Wednesday, August 7, 2013
Louise Penny is so good that I now get scared when she publishes a new book in this series. I find myself worrying that at last she may have stumbled and, as is the case with so many writers of series, she might be losing her touch. FEAR NOT. The latest installment of the exciting, fascinating, and spectacular Chief Inspector Gamache series, How the Light Gets in, is every bit as good as any of the early entries. In fact, in my humble opinion, it's the best one yet. Penny just keeps getting better.
At the end of the previous book The Beautiful Mystery, the reader could be excused for thinking that poor Armand was probably on his way out. Certainly, the carefully built relationships with his team were in shreds, his family devastated, his reputation crumbling. How the Light Gets In picks right up with those issues and expands them. Gamache is actually questioning his own abilities. Has he become impotent against the evil forces at large in his world? Can he no longer be sure that his homicide unit is the best in the country? Do his friends and family still respect him? Will he ever find the answers to the current mystery?
Called to the village of Three Pines to help friends cope with a mysterious death, Armand Gamache soon finds himself involved in another of Penny's twisted plots. Along the way, he continues to act as if none of his troubles exist: he is polite, urbane, studious, thoughtful, and ever the gentleman, all the while he is grieving for his lost friend Jean Guy Beauvoir, his lost reputation, and his unit's lost agents (who have been sent elsewhere in the bureaucracy of the Surète and force fed a story of his demise and degradation.) Gamache is introspective, respectful of everyone he investigates, and takes his time carefully putting all the puzzle pieces together, always aware of when a piece is missing.
Penny does an exquisite job of contrasting goodness with evil, black with white, dark with light and hope with despair. Just when the reader is ready to dissolve into overwhelming grief at the end of a beloved character or the dashing of a hope, Penny takes a turn in the road to lead the story down another path.
This is storytelling at its best.
These are characters so real one expects to walk into a bar or library and find them waiting to share a story or a drink.
Three Pines is a village so well described that when the MMA rail company's runaway trains crashed, exploded and burned the town of Lac-Meguntic in the eastern suburbs of Quebec last month, I immediately saw in those headlines the village of Three Pines going up in flames.
How the Light Gets In is so well written that I had to force myself to hide the book when I finished so I didn't immediately turn back to the beginning to start reading it again. And I will read it again, and again.
Publication date is August 27th, and pre-orders have already pushed this one into its second printing.
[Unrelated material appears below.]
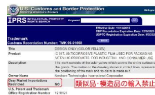
合衆国税関・国境警備局登録
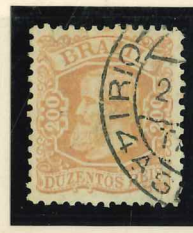
Rio de Janeiro 4a Seção, Tarde

Don't hesitate--Grab it as soon as it comes out. Many thanks to Louise Penny for the advance copy and opportunity to review it. I wonder if there's a next one?
Title: How the Light Gets In
Author: Louise Penny
Publisher: Minotaur Books, 2013, ARC 406 pages
Genre: Mystery - police procedural
Subject: murder investigation, police corruption
Setting: fictional village of Three Pines - eastern Canada
Series: Chief Inspector Gamache novels
Source: ARC from the author
Why did I read this book now? Louise Penny sent it to me for a review. Who could resist?